Не меняя выражения лица, он внезапно перестает диктовать и уходит в расположенную рядом просторную столовую. Там он, шестидесятипятилетний старик, спрашивает семилетнего малыша Пенека:
— Объясни-ка мне, голубчик, что это вдруг на тебя такое веселье нашло? С самого утра ты бесишься, орешь, прыгаешь. Скажи, пожалуйста, в чем дело? И я не прочь был бы развеселиться.
Пенек (уменьшительное от Пинхос) носит имя своего почтенного, добропорядочного деда. Однако сам он уродец, безобразно гримасничающий озорник с вечно беспокойными руками и оттопыренными губами, слегка напоминающими свиной пятачок. Так неоднократно утверждала его собственная богобоязненная мамаша (она уже несколько месяцев в отъезде). Она всех уверяет:
— Ненавижу его, как мачеха, и даже еще сильнее. Вы только взгляните на него: это же не рот, это почти рыло… Когда я носила его, я засмотрелась на приказчика Лейзера. Вот горе! У него Лейзеровы губы…
У Пенека разные прозвища: «выродок», «недотепа», «Эле-Мордхе» (имя местного юродивого).
Глядя на простертые, вопрошающие руки отца, Пенек растерянно замирает. В прохладной затемненной комнате он только что с неистовыми криками скакал верхом на опрокинутых стульях и табуретках. В первое мгновение его охватывает жалость при виде отцовского лица, искаженного гримасой недоумения. Скорбным глазам отца чуждо даже мимолетное веселье, им не постичь, как радостно дурачиться, прыгать и переворачивать все вверх дном. Пенек готов был схватить отца за руки, пуститься с ним в пляс, закружиться волчком, чтобы заразить отца своей радостью. Но тут же оробел и притих — в столовой появился чужой; в белых чулках и легкой обуви, со скрещенными высоко на груди руками, в комнату бесшумно вошел Ешуа Фрейдес.

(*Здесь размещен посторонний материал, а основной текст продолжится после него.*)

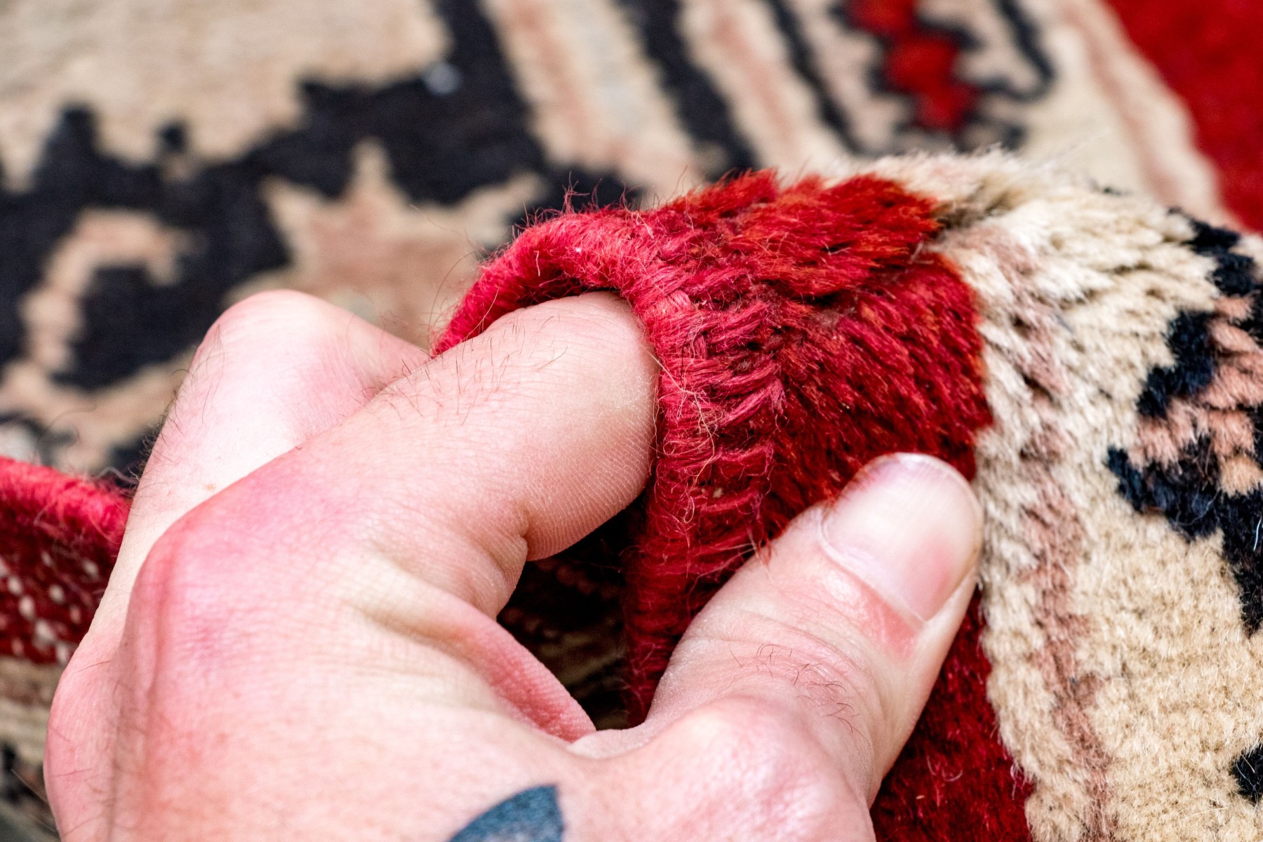 Good overall, wear includes bands of heavy wear to the pile with losses. There is aA central stripe down the center running width wise that appears to have more wear than the balance of the carpet and wear is most likely due to age and use but despite wear the carpet presents well.

Ешуа — нестареющий человек, словно оплетенный седой паутиной неудач и несчастий. То и дело у него умирают дети, родные, умирают часто, в любом возрасте. Он торжественно суетится на их похоронах, снаряжает их в последний путь, сам опускает в могилу, проделывает все это достойно, без единой слезинки в глазах. Не однажды горел его дом. И все же он улыбается каждым уголком своего лица: усмехается седеющая борода, сдерживают улыбку дрогнувшие губы, сверкнула усмешка в полуприкрытых веками глазах, сморщился в улыбке протабаченный нос и, мнится, даже ермолка на голове ехидно потешается над кем-то.
Когда ему удается разжиться трешницей у Михоела Левина, он неизменно бубнит:
— А мне безразлично, чьими руками всевышний меня хлебом кормит: твоими или «гоя»[1] — не все ли равно? А чем ты лучше «гоя»?

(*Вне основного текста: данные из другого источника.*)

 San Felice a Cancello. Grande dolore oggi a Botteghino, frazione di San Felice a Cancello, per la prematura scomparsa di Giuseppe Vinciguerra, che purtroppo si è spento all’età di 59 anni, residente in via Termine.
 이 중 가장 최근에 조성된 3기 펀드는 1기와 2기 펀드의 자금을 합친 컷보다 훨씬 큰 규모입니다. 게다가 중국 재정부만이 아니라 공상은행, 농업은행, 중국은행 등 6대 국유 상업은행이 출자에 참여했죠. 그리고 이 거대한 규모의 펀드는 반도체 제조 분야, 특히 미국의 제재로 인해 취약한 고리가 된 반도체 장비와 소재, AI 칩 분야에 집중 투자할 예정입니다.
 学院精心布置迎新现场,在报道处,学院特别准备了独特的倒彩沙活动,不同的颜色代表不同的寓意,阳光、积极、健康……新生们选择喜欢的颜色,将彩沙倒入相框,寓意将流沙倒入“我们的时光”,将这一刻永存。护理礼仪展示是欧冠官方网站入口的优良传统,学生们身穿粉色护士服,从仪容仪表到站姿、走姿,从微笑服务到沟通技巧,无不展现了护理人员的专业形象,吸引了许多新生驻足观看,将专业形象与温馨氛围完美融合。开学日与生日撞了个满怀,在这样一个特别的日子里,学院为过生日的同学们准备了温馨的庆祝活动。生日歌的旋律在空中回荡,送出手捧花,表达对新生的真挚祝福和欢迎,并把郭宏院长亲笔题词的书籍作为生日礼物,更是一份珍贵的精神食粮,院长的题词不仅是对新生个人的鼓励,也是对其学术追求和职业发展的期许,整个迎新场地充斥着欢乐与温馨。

Сейчас, пройдя столовую и подмигивая Михоелу, он насмешливо бурчит:
— Перестань! Что ты привязался к малышу? Ему семь лет, тебе шестьдесят пять. Хорошее дело: ты у него хочешь научиться веселью! Ввек не научишься, вот чудак!
И как ни в чем не бывало исчезает в дверях.

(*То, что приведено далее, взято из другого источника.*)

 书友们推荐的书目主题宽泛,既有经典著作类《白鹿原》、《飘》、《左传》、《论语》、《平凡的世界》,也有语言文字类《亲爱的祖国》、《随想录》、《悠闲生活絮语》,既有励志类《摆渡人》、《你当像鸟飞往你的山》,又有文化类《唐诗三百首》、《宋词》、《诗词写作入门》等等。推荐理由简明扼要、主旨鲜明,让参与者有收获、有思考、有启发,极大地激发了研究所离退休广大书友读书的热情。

Глава «дома» будто и не слышал его слов. Он продолжает журить мальчика:
— Что с тобой будет, Пенек? Подумай, ведь родная мать тебя не любит!
Лицо матери перед Пенеком как бы в тумане. Он помнит, как она сидела в столовой на кушетке и убивалась: «Посмотрите только! Ведь у него не рот, а почти рыло… Зачем только я его родила?!»